"Sure you've got no whisky?" said Si.

"Sartin, gentlemen; sarch my wagon, if you don't take my word. I only wish I knowed whar thar wuz some whisky. I'd walk 20 miles in the rain t' git one little flask fur my ole woman and myself. I tell you, thar haint a drap t' be found in the hull Duck River Valley. 'Stilleries all burnt, I tell you." And in the earnestness of his protestations he sprayed his team, himself, and the neighboring weeds with liquid tobacco.

Si stepped back and carefully searched the wagon, opening the meal sack, uncorking the buttermilk jug, and turning over the dried apples, pumpkins and tobacco. There certainly was no whisky there.

Shorty stood leaning on his musket and looking at the man. He was pretty sure that the fellow had had previous experience in running whisky into camp, and was up to the tricks of the trade. Instead of a saddle the man had under him an old calico quilt, whose original gaudy colors were sadly dimmed by the sun, rain, and dirt. Shorty stepped forward and lifted one corner. His suspicions were right. It had an under pocket, in which was a flat, half-pint flask with a cob stopper, and filled with apple-jack so new that it was as colorless as water.

"I wuz jest bringin' that 'ere in fur you, Capting," said the Tennesseean, with a profound wink and an unabashed countenance. "Stick hit in your pocket, quick. None o' the rest 's seed you."
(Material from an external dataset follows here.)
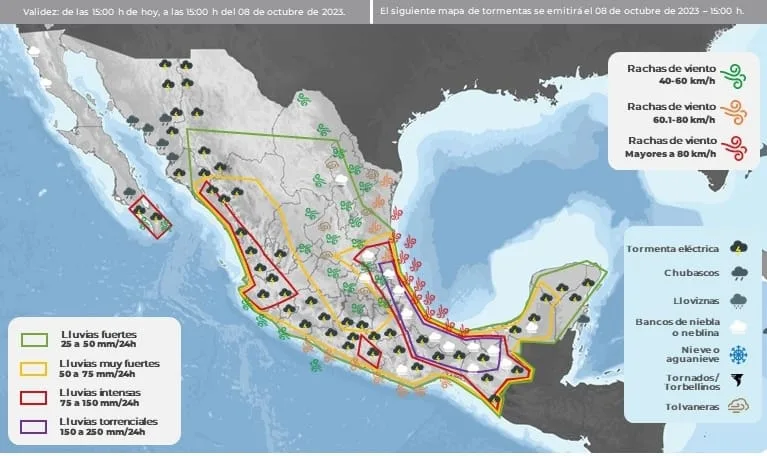 Para este domingo 8 de octubre, el organismo de la Comisión Nacional del Agua (Conagua), prevé que en el estado de Colima se puedan alcanzar temperaturas máximas de hasta 40 grados Celsius, al igual que en Jalisco, Michoacán, Guerrero, Oaxaca, Chiapas, Baja California, Baja California Sur, Sonora, Sinaloa, Nayarit, Tabasco, Campeche, Yucatán y Quintana Roo.

Shorty flung the bottle down and ordered the man off his horse. The quilt was examined. It contained a half-dozen more flasks, each holding a "half-pint of throat-scorch and at least two fights," as Shorty expressed it. A clumsy leather contrivance lay on the hames of the mule. Flasks were found underneath this, and the man himself was searched. More flasks were pulled out from the tail pockets of his ragged coat; from his breast; from the crown of his ragged hat.

"Well," said Shorty, as he got through, "you're a regler grogshop on wheels. All you need is a lot o' loafers talkin' politics, a few picturs o' racin' hosses and some customers buried in the village graveyard to be a first-class bar-room. Turn around and git back to that ole woman o' your'n, or we'll make you sicker'n she is."

Si and Shorty marched around with the second relief, and then sat down to talk over the events of the morning.

"I guess we've purty well settled the whisky business for to-day, at least," said Si. "The Colonel can't complain of us. I don't think we'll have any more trouble. Seems to me that there can't be no more whisky in this part o' Tennessee, from the quantity we've destroyed."

"Don't be too dinged sure o' that," said Shorty. "Whisky seems to brew as naturally in this country as the rosin to run out o' the pine trees. I never saw sich a country fur likker. They have more stills in Tennessee than blacksmith shops, and they work stiddier."